Consider, for instance, our treatment of debt. Most debts
can be discharged in bankruptcy, but there are exceptions,
most of them debts to the state, including (famously)
student loans, taxes, fines, and government fees. Debts that
are not owed to the state but ordered by the state, including
restitution, court-ordered child support and alimony, etc.,
are generally held to be sacrosanct. (Alimony and childsupport debts are a particularly difficult subject, given the
history of parents’ being required to make payments that
are wildly disproportionate to their income, or even exceed
it, fathers being threatened with jail time over missed
payments for children that turn out not to be theirs, etc.
New York recently has moved toward reforming its
particularly bad laws on that subject.)
It may be that we are too lenient with some kinds of debt or
too strict with others, but it is difficult to elaborate a
standard holding that debts to the U.S. Treasury
automatically enjoy a higher standing than debts to Bank of
America without accepting an implicit rule that the state is
simply more important than its citizens — a class above the
commoners, if you will.
It isn’t just debt. In most states, assault is a more serious
crime if you assault a government employee than if you
assault a citizen. We’re all familiar with that rule as it
applies to police, but in Utah, for example, that principle
also applies to elected officials (and nurses, interestingly
enough). In New York, it is a more serious crime to assault
a subway engineer than it is to assault a subway passenger.
New York even runs a bounty system for those who assault
transit workers, a measure it does not offer for commoners.

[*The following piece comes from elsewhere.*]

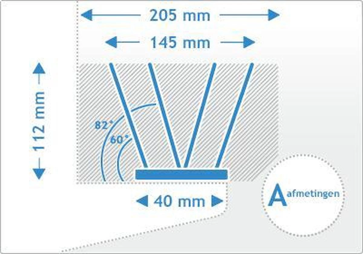 - Netto breedte van de basisstrip: 40 mm onder / 145 mm boven

At the same time, you can videotape the comings and
goings on a public street to your heart’s content — unless
you videotape a police officer at work. Police routinely
arrest citizens for videotaping them in action in public,
even though the federal courts have ruled that citizens have
a First Amendment right to do so.
The most dramatic illustration of this principle can be seen
in action as the Obama administration pulls out all the stops
to prosecute those who leak classified information while
the administration itself leaks classified information as a
matter of course, operating from the unique jurisprudence
of Richard Nixon: When the president does it, it isn’t
illegal.
Draco’s code dealt mostly with things like murder and debt,
and the Athenian government of the time, imperfect as it
was, had very little interest in telling citizens whether they
could add a room onto their homes or direct the education
of their own children. The entire Draconian legal code was
an improvement on what preceded it, and it was less
expansive than some of the footnotes to Obamacare.
Draconian laws? We should be so lucky.